*AIM OF THE TASK*. Repeat the span of the entries below that starts at the line with "Neumático de Goma" and ends at the line with "我们的程序用swing类的组", nothing more. Skip the pictures.
········
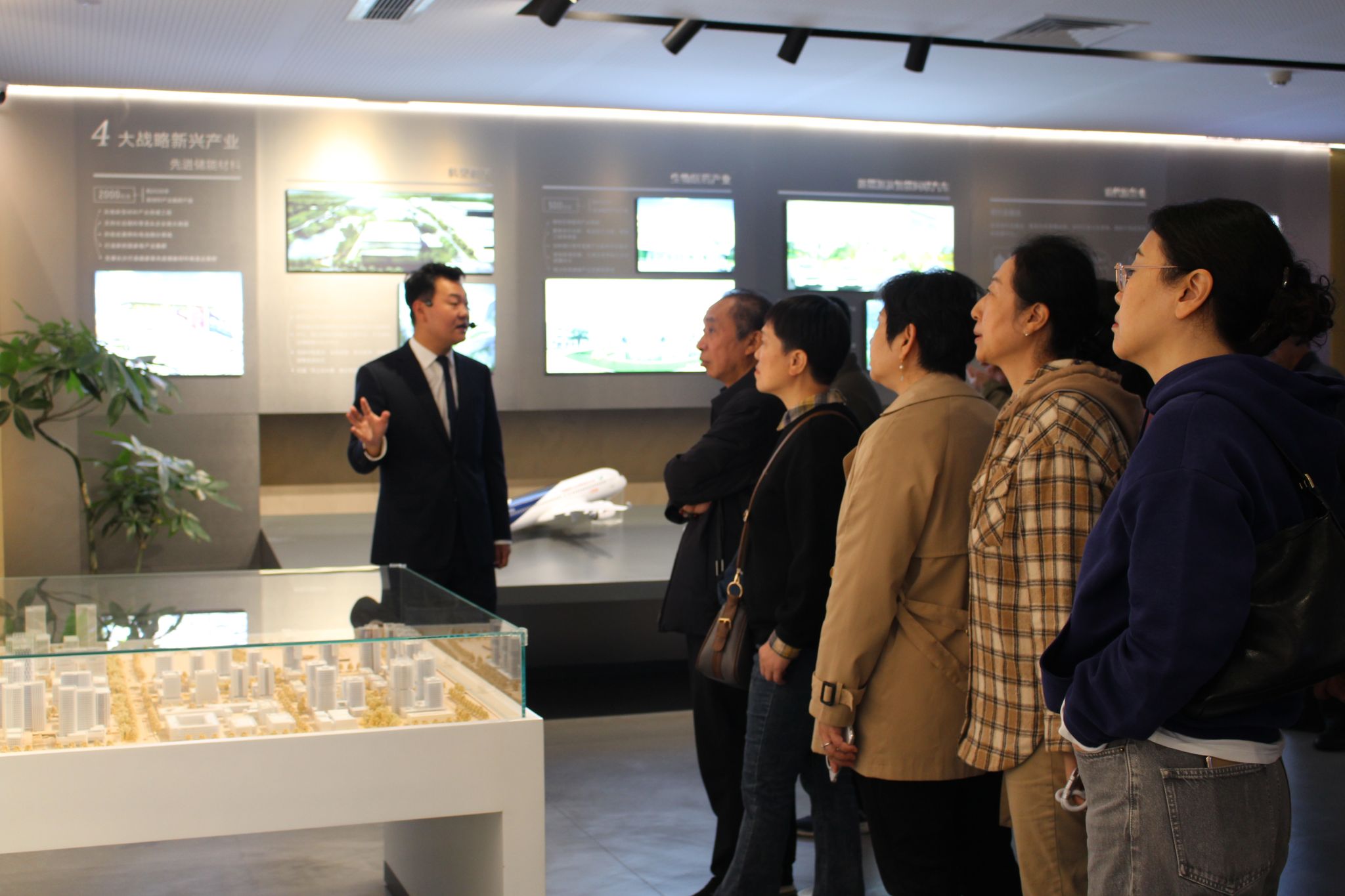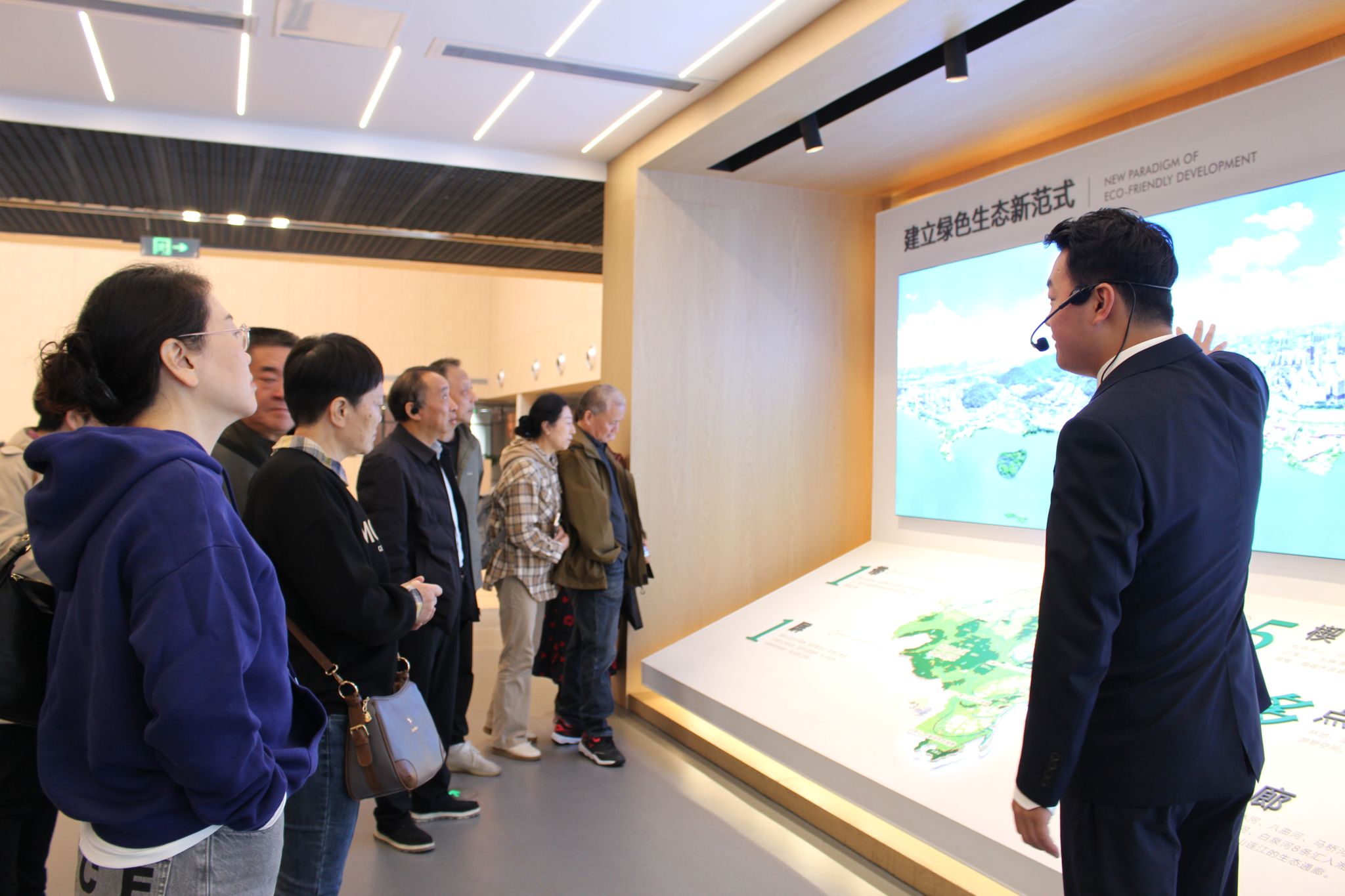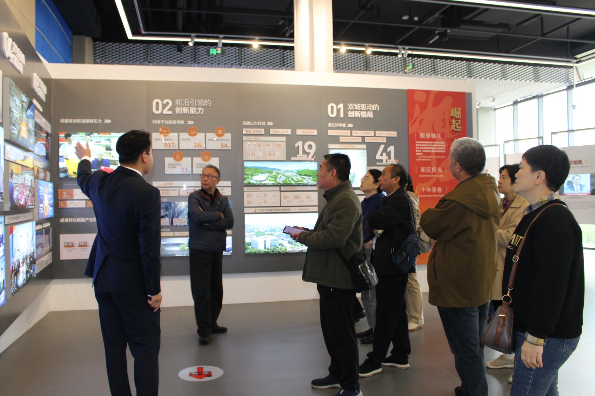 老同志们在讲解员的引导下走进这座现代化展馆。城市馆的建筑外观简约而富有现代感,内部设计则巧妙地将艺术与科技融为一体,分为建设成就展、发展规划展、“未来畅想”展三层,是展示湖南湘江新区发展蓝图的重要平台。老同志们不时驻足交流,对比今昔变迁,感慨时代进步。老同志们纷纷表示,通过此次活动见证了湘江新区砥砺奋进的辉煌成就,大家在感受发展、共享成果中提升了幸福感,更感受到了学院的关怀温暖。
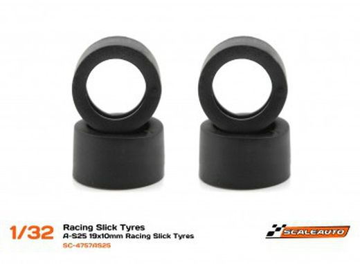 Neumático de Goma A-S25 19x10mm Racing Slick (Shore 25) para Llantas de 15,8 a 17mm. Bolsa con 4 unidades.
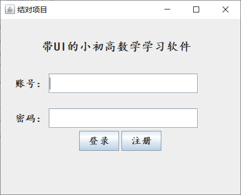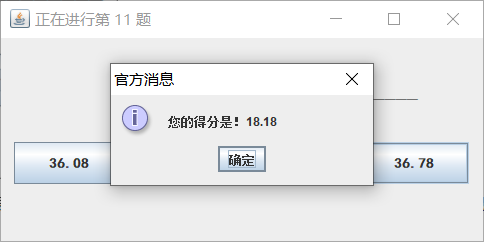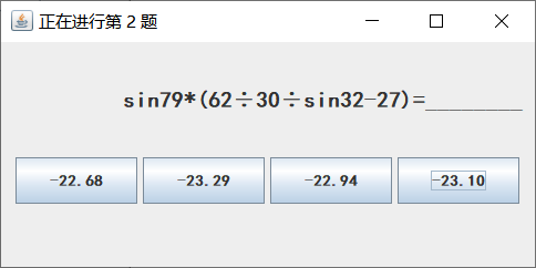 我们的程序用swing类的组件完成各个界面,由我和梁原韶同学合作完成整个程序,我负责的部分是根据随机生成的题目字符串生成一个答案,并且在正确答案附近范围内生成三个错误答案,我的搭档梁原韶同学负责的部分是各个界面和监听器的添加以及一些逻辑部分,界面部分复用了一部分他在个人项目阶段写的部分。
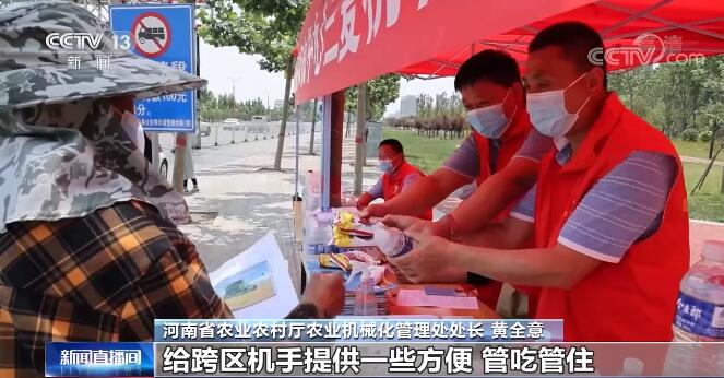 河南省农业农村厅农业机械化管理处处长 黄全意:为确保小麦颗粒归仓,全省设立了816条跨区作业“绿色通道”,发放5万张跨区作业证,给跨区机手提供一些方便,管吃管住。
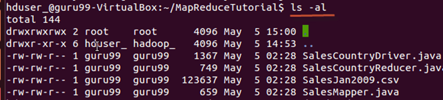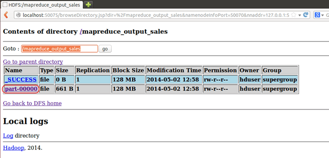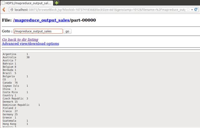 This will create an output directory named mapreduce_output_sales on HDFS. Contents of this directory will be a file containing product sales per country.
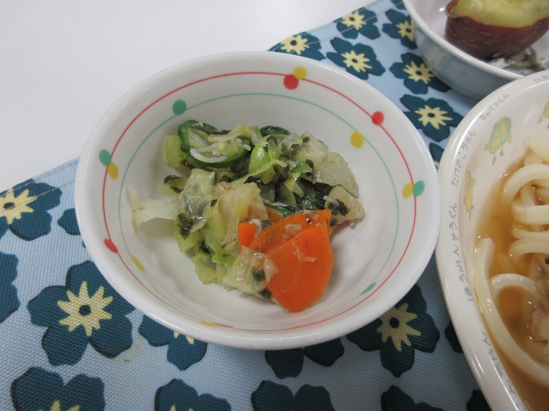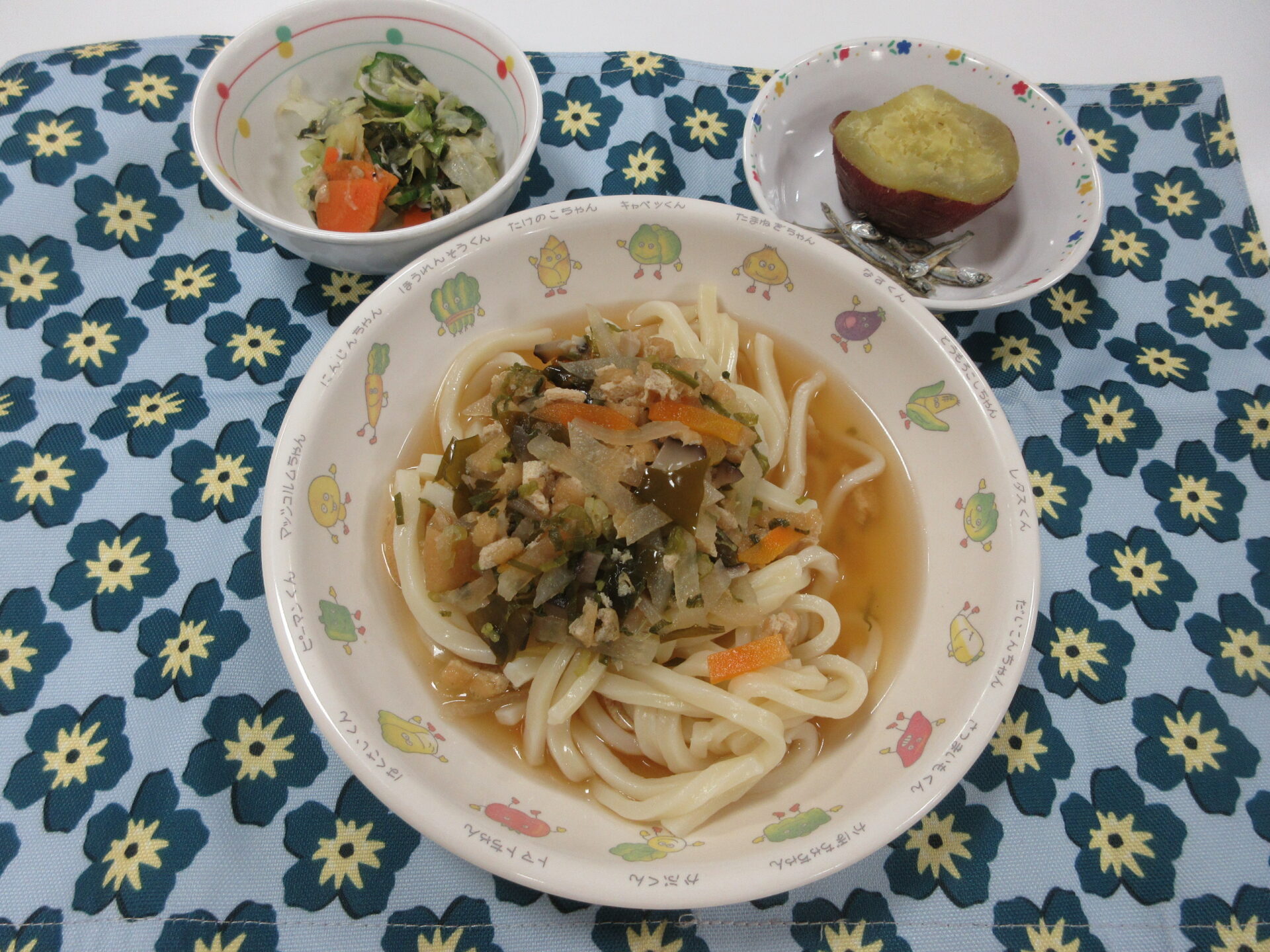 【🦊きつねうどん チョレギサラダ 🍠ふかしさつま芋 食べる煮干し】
········
*REPLY TO THE EXERCISE*.
 Neumático de Goma A-S25 19x10mm Racing Slick (Shore 25) para Llantas de 15,8 a 17mm. Bolsa con 4 unidades.
 我们的程序用swing类的组件完成各个界面,由我和梁原韶同学合作完成整个程序,我负责的部分是根据随机生成的题目字符串生成一个答案,并且在正确答案附近范围内生成三个错误答案,我的搭档梁原韶同学负责的部分是各个界面和监听器的添加以及一些逻辑部分,界面部分复用了一部分他在个人项目阶段写的部分。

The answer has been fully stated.